The majority of AML patients undergoing HSCT receive donor stem cells from siblings or unrelated donors matched for MHC molecules [6]. When transplantation is performed with a mismatched family member or unrelated donors, detrimental alloreactive responses towards the mismatched MHC molecules can occur, resulting in GVHD. Even with complete matching for MHC molecules, T cell reactivity to minor histocompatibility antigens (mHAgs) due to polymorphisms in common cellular proteins can occur, which also leads to GVHD. In order to reduce the severity of GVHD and its mortality and morbidity, grafts can be manipulated to be depleted of T cells prior to transplantation [9]. This approach suffers from increased relapse rates due to the loss of the beneficial associated GVL effect, and patients continue to die from their disease. Therefore, the need for alternative therapies remains acute to fight relapse. Targeted anti-leukaemia immunotherapy would offer the desired combination of GVL effects with minimal toxicity due to the preferential targeting of AML cells. Recent findings of the group of Fuchs open the gate to a broader use of immunotherapy for patients with advanced haematological malignancies. The authors observed that short-course high-dose cyclophosphamide administered post-transplantation was effective in preventing acute and chronic GVHD in patients after HLA-matched or partially mismatched allo-HSCT [10–12]. In this way, immunosuppressive treatment could potentially be limited after transplantation, paving the way to use immunotherapy strategies early after transplantation, a train of thought that is also followed by others [13]. In this review, we describe preclinical and clinical studies testing cellular immunotherapies for AML, with special focus on recent new developments in this area. Other clinical trials comprising interleukin (IL)-2 administration, monoclonal antibody therapy and peptide-based vaccination have already extensively been reviewed elsewhere [14–18].

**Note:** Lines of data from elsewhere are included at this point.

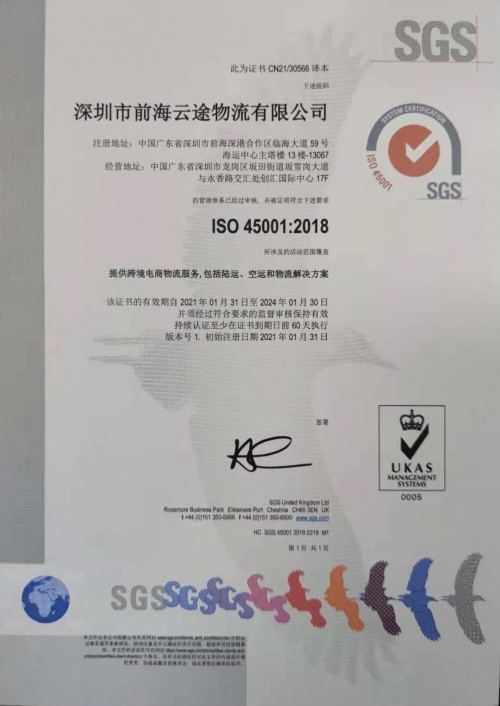 東方網(wǎng)2021年3月11日訊 繼2020年初獲得ISO9001質(zhì)量管理體系認(rèn)證后,近日云途物流順利通過專家組評(píng)審,再次獲得由國(guó)際公認(rèn)的檢驗(yàn)、鑒定、測(cè)試和認(rèn)證機(jī)構(gòu)SGS頒發(fā)的ISO14001環(huán)境管理體系、ISO45001職業(yè)健康與安全管理體系認(rèn)證。
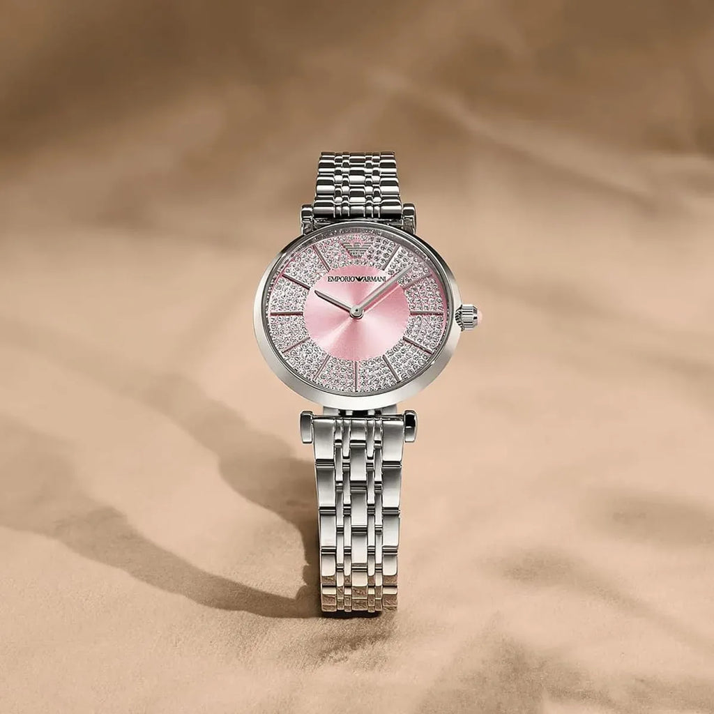 The AR11686 captivates with its classic yet contemporary design. The round stainless steel case in polished silver and the matching stainless steel bracelet create a harmonious overall impression. With a case diameter of 32 mm and a case height of just 8 mm, the watch elegantly hugs any wrist without being obtrusive. The dial, often in soft rose or mother-of-pearl tones, is refined with subtle indices and sparkling crystal stones that gently catch the light with every movement. This gives the watch a subtle yet glamorous allure.
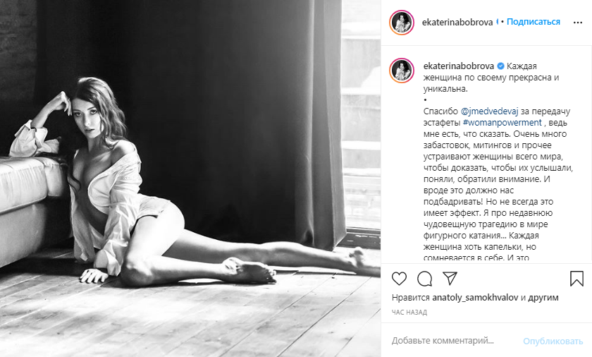 В интернете набирает популярность челлендж "Расширение возможностей женщин", в рамках которого известные девушки и женщины выкладывают свои черно-белые фото и поддерживают друг друга. К челленджу активно присоединяются и спортсменки, в частности фигуристки. Они делятся эффектными фото, а в подписях стараются поддержать каждую женщину. "Каждая женщина хоть капельки, но сомневается в себе. И это нормально. Ведь каждая хочет добиться идеала. И я хочу, чтобы каждая девушка, женщина, в которой эта капелька сомнения есть, у которой не всё на данный момент удачно складывается в жизни, прочитала этот пост", - написала Екатерина Боброва, принявшая эстафету от Евгении Медведевой. «Будем честны — мы потрясающие. Красивые и вкусно пахнем. Иногда опасные, но нежные. Такие разные каждый день, но всегда остаёмся собой. Женщины, помните, что вы сильны и неповторимы», - написала в свою очередь Медведева. «Давайте всегда поддерживать друг друга», - призвала Виктория Синицина. "Мне очень повезло, что в
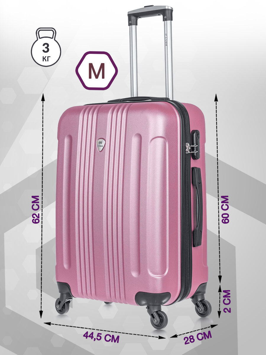 Чемодан семейный на колесиках L'Case Bangkok (материал: ABS-пластик, кодовый замок, съемные колесики, размер M, лиловый)
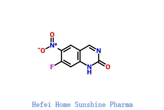 7-Fluoro-6-nitroquinazoline-4(3H) -one, est un intermédiaire dans la préparation d' inhibiteurs de kinase, tels que les inhibiteurs du site ATP de l' activité de la tyrosine kinase du récepteur du facteur de croissance épidermique.
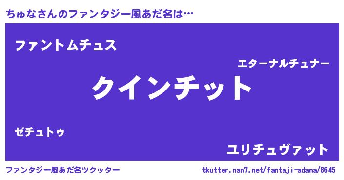| 女子向けラノベタイトル風あだ名 | 『死神ちゅなの再婚』『ちゅな様がみてる』 |
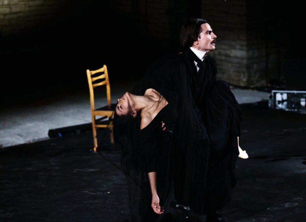 Η παράσταση βασίζεται στην πρώτη ελληνική μετάφραση του έργου από τον Νικόλαο Σπανδωνή, στην καθαρεύουσα των αρχών του 20ού αιώνα. Η γλώσσα λειτουργεί ως διαμεσολαβητής των κρυμμένων μυστικών της τέχνης, του ύφους και της εποχής του Πόε. Η ποιητική πυκνότητα και η τελετουργική υφή της φέρνουν στην επιφάνεια την αφηρημένη σύλληψη μιας ιδιωτικής εμπειρίας που στην οριακή της ένταση γίνεται παγκόσμια, το «ασύλληπτο» δηλαδή της ανθρώπινης τραγωδίας.

Cellular therapy to treat AML

In the last decade, research efforts have been broadening the array of cell therapy approaches which can be used as adjuvant therapy in AML. Cellular therapy comprises the administration of therapeutic cellular vaccines (tumour or DC vaccines) to induce specific immune responses in vivo, as well as adoptive transfer of effector cells to exert anti-tumour immune reactivity (T cells or NK cells) in patients.

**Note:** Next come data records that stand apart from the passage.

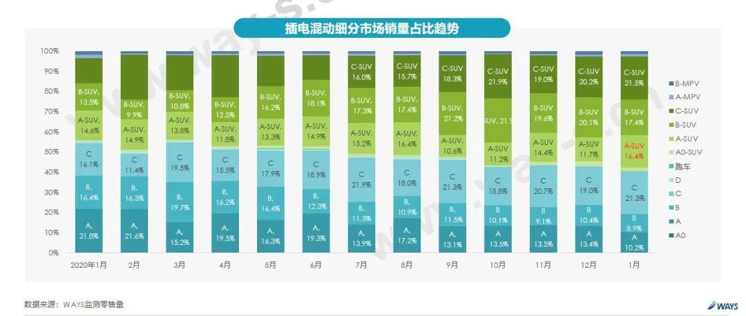 1月,插电混动A级SUV市场份额有所提升,主要由荣威RX5 ePLUS、MG领航PHEV带动,环比增长4.7%。
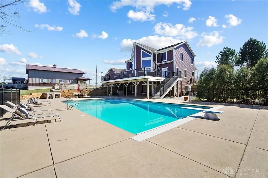This stunning 5-bedroom, 4.5-bathroom home in Waynesville sits on nearly 3 acres, offering a perfect blend of luxury and functionality in a serene country setting within a neighborhood. Spanning approximately 4,600 sq. ft., including the finished walkout basement, the home features slate flooring, solid hickory doors, Andersen windows, and a whole-house generator. The gourmet kitchen boasts a gas stove, convection oven, built-in microwave, pantry, and butler s pantry. The main level includes a master suite, while upstairs offers a second master with an en-suite bath, a huge loft, two additional bedrooms, and a full bathroom with granite finishes. The finished basement provides 9-foot ceilings, a full kitchen with an electric stove and refrigerator, a separate in-law suite with its own washer and dryer, a game room, storage, and an exercise room. Outside, the 1,100 sq. ft. composite deck overlooks a 25x40 saltwater pool with a diving board, an automatic cover, a deep end of 9 feet, and Buckeye concrete construction with no liner. The exterior of the home, clad in Hardy plank, was painted in September 2021. A standout feature of this property is the two massive outbuildings a 42x80 back barn built in 2017 with full electric, a working cupola fan, a garage door opener, and a Walters Building construction, and a finished 36x48 front barn built in 2013 featuring 25-foot ceilings, epoxy flooring, a car lift, a 220 sub-panel, plumbed for a bathroom. Additional features include PEX plumbing with a manifold system, a water softener, two 1,000-gallon underground propane tanks, a newer furnace installed in October 2023, and new pool equipment, including a sand filter and pump. This exceptional home is a rare find in Warren County, offering unmatched space, amenities, and craftsmanship schedule your showing today! Concrete floor is 6" thick and 4000 psi and rebar enforced. Chicken run with coop and is ready for chickens (Taj Mahal for chickens!)
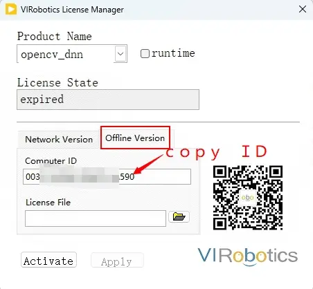 点击“Offline Version”这一栏,提供Computer ID给VIRobotics,工作人员会给您发送相应的许可证文件;

NK cells can sense the altered expression of MHC molecules and stress markers on malignant cells through the expression of different NK cell receptors [19]. Furthermore, abnormal expression of normal cellular proteins or expression of mutated proteins in malignant cells give rise to ‘tumour proteins’, fragments of which can be presented on the cell surface, called tumour-associated antigens (TAA) [20]. By binding of TAA to its T cell receptor (TCR), an activated effector T cell is able to recognize and destroy malignant cells expressing these TAA.

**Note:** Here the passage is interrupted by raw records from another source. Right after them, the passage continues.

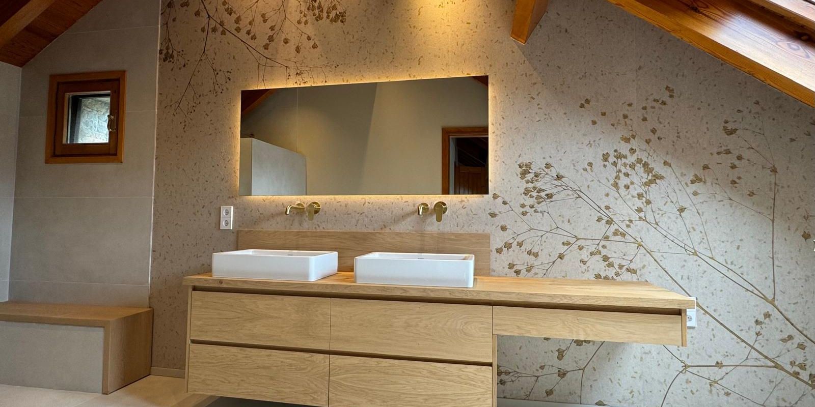 Para el suelo y las paredes de este baño de grandes dimensiones se han elegido baldosas de la marca Mirage en color gris claro, que también dan forma al nicho de la ducha. Para vestir la pared principal —donde se sitúan el mueble de baño, los lavabos y el espejo retroiluminado— se ha escogido el papel pintado KomorebiCollection de la firma Glamora. Esta marca elabora todos sus murales con fibras de vidrio y poliéster, lo que garantiza durabilidad y resistencia a la humedad, con impresiones digitales de alta calidad que sorprenden por su precisión. Toda la colección de Glamora, disponible en los distintos showrooms de CataloniaCeramic, está diseñada para crear ambientes únicos y personalizados.
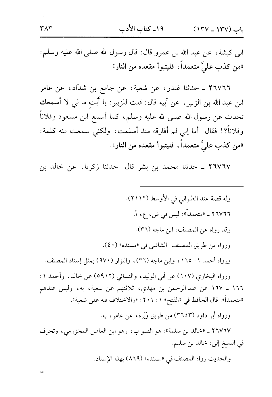 26766- حَدَّثَنَا غُنْدَرٌ ، عَنْ شُعْبَةَ ، عَنْ جَامِعِ بْنِ شَدَّادٍ ، عَنْ عَامِرِ بْنِ عَبْدِ اللهِ بْنِ الزُّبَيْرِ ، عَنْ أَبِيهِ ، قَالَ : قُلْتُ لِلزُّبَيْرِ : يَا أَبَتِي ، مَالِي لاَ أَسْمَعُك تُحَدِّثُ عَنْ رَسُولِ اللهِ صَلَّى الله عَلَيْهِ وَسَلَّمَ كَمَا أسْمَعُ ابْنَ مَسْعُودٍ وَفُلاَنًا وَفُلاَنًا ؟ فَقَالَ : أما إنِّي لَمْ أُفَارِقْهُ مُنْذُ أَسْلَمْت ، وَلَكِنِّي سَمِعْت مِنْهُ كَلِمَةً : مَنْ كَذَبَ عَلَيَّ مُتَعَمِّدًا فَلْيَتَبَوَّأْ مَقْعَدَهُ مِنَ النَّارِ.
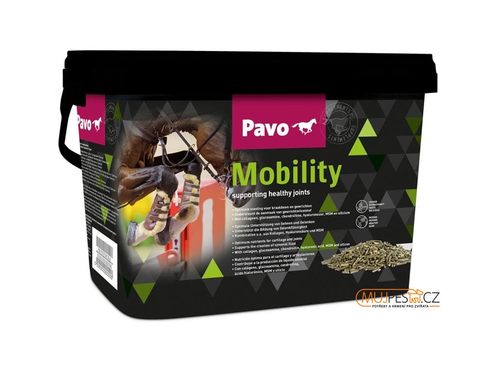 Pavo Mobility obsahuje glukosamin a kyselinu hyaluronovou, které jsou součástmi zdravé synoviální tekutiny. Chondroitin a MSM (síra) mají na chrupavku pozitivní vliv. Samotné tyto látky však k podpoře zdravých kloubů koní nepostačují. Nejdůležitější součástí v Pavo Mobility je speciální kolagen, podporující kosti a chrupavku. Pavo Mobility obsahuje také vitamín C a mikrominerál křemíku, který sehrává roli při vývoji kostní tkáně, chrupavky, kolagenu a kyseliny hyaluronové. Pavo Mobility neobsahuje pšenici a je tak bezlepkový.

It is generally believed that the presence of a large tumour load would overrule the capacity of the immune system to eradicate the malignant cells. Therefore, cellular immunotherapy is particularly being examined in AML patients as an adjuvant therapy following standard therapy to destroy residual leukaemic cells [14, 21]. Ideally, AML immunotherapy would induce an immune response that clears minimal residual disease (MRD), while sparing normal tissue, and would generate immunological memory that protects against disease recurrence. After chemotherapy, T cells are reduced in AML patients [22]. Lymphocyte counts in AML patients during and within 1 month after induction chemotherapy are inversely correlated with relapse rate and overall survival [23, 24], pointing to the importance of immune surveillance, and more specifically lymphocytes, in preventing relapse [16]. Results of active immunization strategies (described below) support the hypothesis that the immune system of AML patients in remission can be boosted to attack AML cells. Examples of high-potential leukaemia-associated antigens (LAAs) are Wilms’ tumour protein (WT1), proteinase 3 (PR3) and the receptor for hyaluronic acid-mediated motility (RHAMM/CD168). The immunogenicity of WT1, PR3 and RHAMM has been shown by the presence of TAA-specific cytotoxic T lymphocytes (CTL) in AML patients [25–27]. Furthermore, in vitro generated or ex vivo isolated T cells specific for WT1, PR3 or RHAMM were able to kill primary myeloid leukaemic cells [26–30]. An in-depth description of LAAs relevant to AML has been published elsewhere [31–37].

Whole tumour cells

Autologous modified whole tumour cells are attractive accessory cells for the in vivo or in vitro stimulation of AML-specific immune responses directed against multiple antigens, thereby decreasing the risk of generating escape mutants. Furthermore, random mutations in tumour cells can generate unique antigens in each individual, providing a rationale for customized immunotherapy approaches. A disadvantage of whole tumour cell approaches is that along with TAA expression, they also contain a wide range of normal self-proteins not linked to the malignant phenotype. Generally, tolerance to self-antigens is tightly controlled, but the aim of cancer immunotherapy is to break tolerance to TAAs and therefore, the danger of inducing autoimmunity to normal tissues should not be discounted [38]. It is hoped that as tumour cells express self-antigens considered as TAA to a higher extent compared to normal tissues, they will be more susceptible to TAA-specific CTL recognition. Focusing on WT1 as a TAA, WT1-specific CTL could possibly also recognize normal hematopoietic progenitor cells expressing WT1 in the bone marrow, causing leucocytopaenia. Until now, leucocytopaenia was only detected in patients with myelodysplastic syndrome (MDS) following peptide vaccination and not in AML [39, 40]. In MDS, the hematopoietic stem cells are transformed and so it is believed that the observed leucocytopaenia is an indicator of the effectiveness of the vaccine [39].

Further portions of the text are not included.